Money
Banks’ net profit growth rate falls
Net profit growth rate of majority of the commercial banks fell in the first quarter of the current fiscal year, as interest income took a dip due to reduction in lending rates and relatively high deposit rates.Net profit growth rate of majority of the commercial banks fell in the first quarter of the current fiscal year, as interest income took a dip due to reduction in lending rates and relatively high deposit rates.
Higher deposit rates and lower credit rates are good news for depositors and borrowers. But this is not a good sign for the stock market, because commercial banks account for almost half of the market capitalisation.
As of Sunday, 17 out of 28 commercial banks have published their first quarter unaudited financial reports. These 17 banks generated a net profit of Rs6.7 billion in the first quarter, up 5.8 percent than in the same period a year ago.

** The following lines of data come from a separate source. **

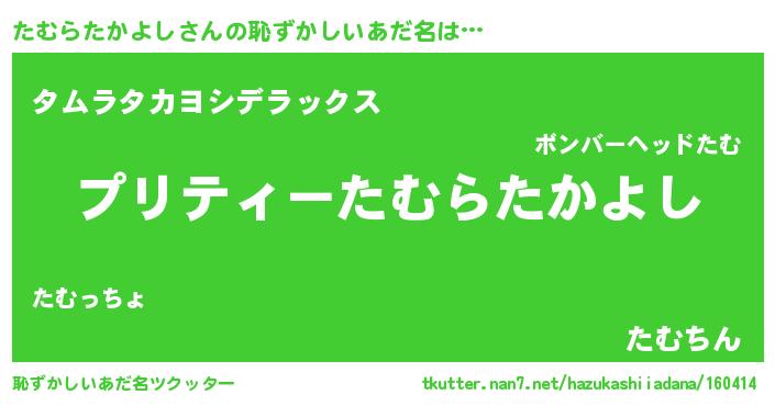 | ヘコむあだ名 | 『たむにー』『たむらたかよし(爆)』 |
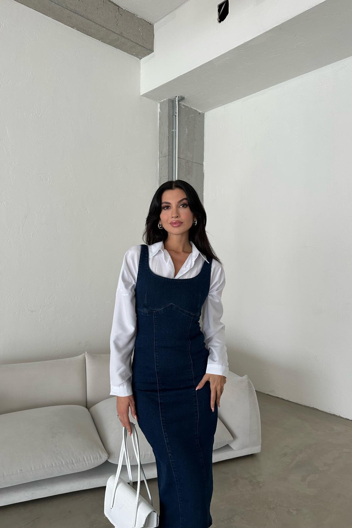Arka Fermuarlı Yırtmaçlı Denim Elbise Arka Fermuarlı Yırtmaçlı Denim Elbise ELBİSE UZUN-001 XL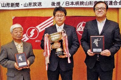 閉会式では、審判庁の石川善雄同連合会酒田支部長が太田六段に優勝杯、斎藤六段と高橋五段に記念の盾などを贈呈。「太田六段に追い付け追い越せで山形の囲碁を盛り上げてもらい、東北六県囲碁大会での優勝を期待している」と激励した。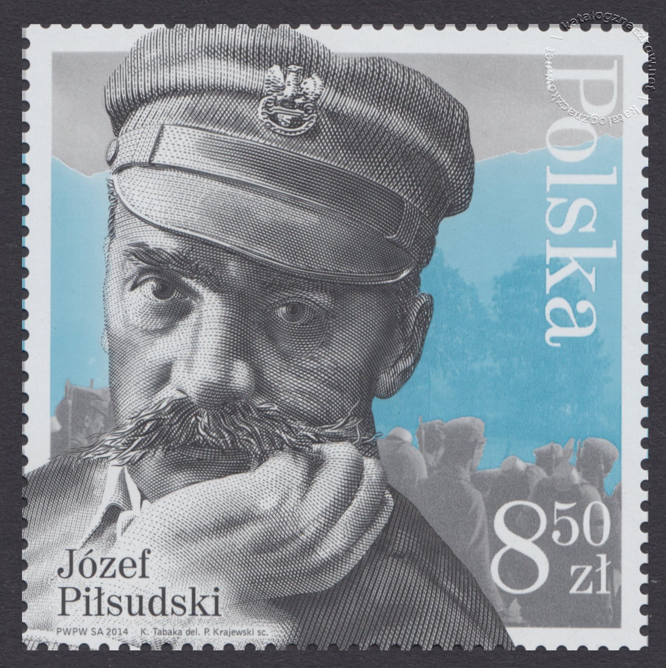Opis: Podobizna Józefa Piłsudskiego na tle fragmentu fotografii drużyny strzeleckiej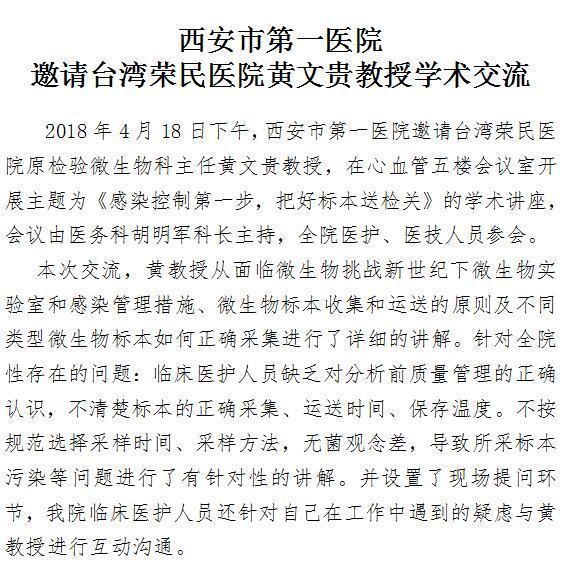 啄木鸟 邀请台湾荣民医院黄文贵教授学术交流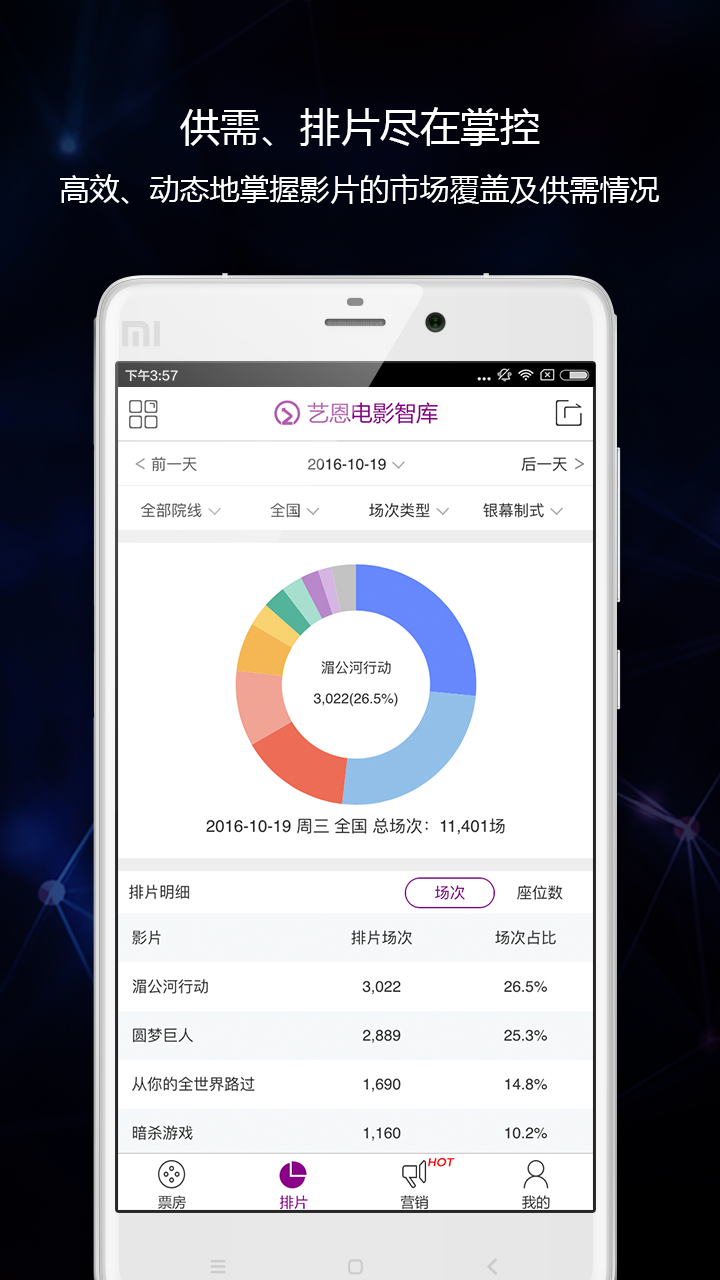 1、实时票房:国内最权威的实时票房查询工具,涵盖影片、影院、院线、影投公司、地域的票房分析,随时掌握精准、及时、全面的电影市场数据。覆盖1-5线330+城市,6000+影院。2、实时排片:高效、动态地掌握影片的市场覆盖及供需情况,实时提供院线、影院排片统计分析。

These banks had seen a 43-percent surge in their net profit in the first quarter of the last fiscal year.
Of the banks that have published their reports, only three—state-owned Rastriya Banijya Bank, Nepal SBI Bank and Prime Commercial Bank—saw hike in their profit growth rate. Net profit of seven other banks—Himalayan, Global IME, Citizens, Bank of Kathmandu, Siddhartha, Sunrise and Mega—fell in the first quarter.
And seven other banks—Nepal Investment, Nabil, Everest, NMB, Sanima, NIC Asia and Janata—saw deceleration in profit growth rate.
“The major reason for rapid fall in profit growth rate is huge drop in net interest income of commercial banks,” Nabil Bank CEO Sashin Joshi said.
Net interest income of the these 17 banks expanded by 9 percent in the first quarter of this fiscal year, as against 39 percent recorded in the same period a year ago.
Interest, especially interest imposed on loans, is the major source of income for commercial banks. But lately banks are competing with each other to reduce credit rate, as hike in government spending in the final quarter of the last fiscal year has injected liquidity.
All the while, tenure of big chunk of deposits acquired at higher cost in the last fiscal year during shortage of loanable funds has not expired, preventing banks from drastically reducing deposit-related costs.
This prompted average interest spread—the difference between average lending and deposit rates—of 17 banks to narrow down to 3.99 percent in the first quarter of the current fiscal year, from 4.14 percent in the same period a year ago.
“Going forward, banks are expected to come under more pressure as current macroeconomic indicators are not encouraging as well,” said Joshi. He was referring to 0.7 percent hike in remittance inflow as well as a balance of payments deficit recorded in the first two months of the current fiscal year.
If inflation is adjusted, country’s remittance income fell in real terms in the two-month period. This is not a good sign because remittance is a big source of deposit for banks.
Also, the government’s capital spending, another big source of deposit for banks, has stood at meagre 5 percent of the allocated budget of Rs335.2 billion so far. These are indications that banks may face shortage of loanable funds in the coming days in a grim replay of events of the last fiscal year.
“While banking institutions are bracing for some turbulence, expectations of bank promoters for higher returns have not changed,” Joshi said. “This will exert pressure on managements, compelling them to make some compromises in quality, which may hit the banking sector.”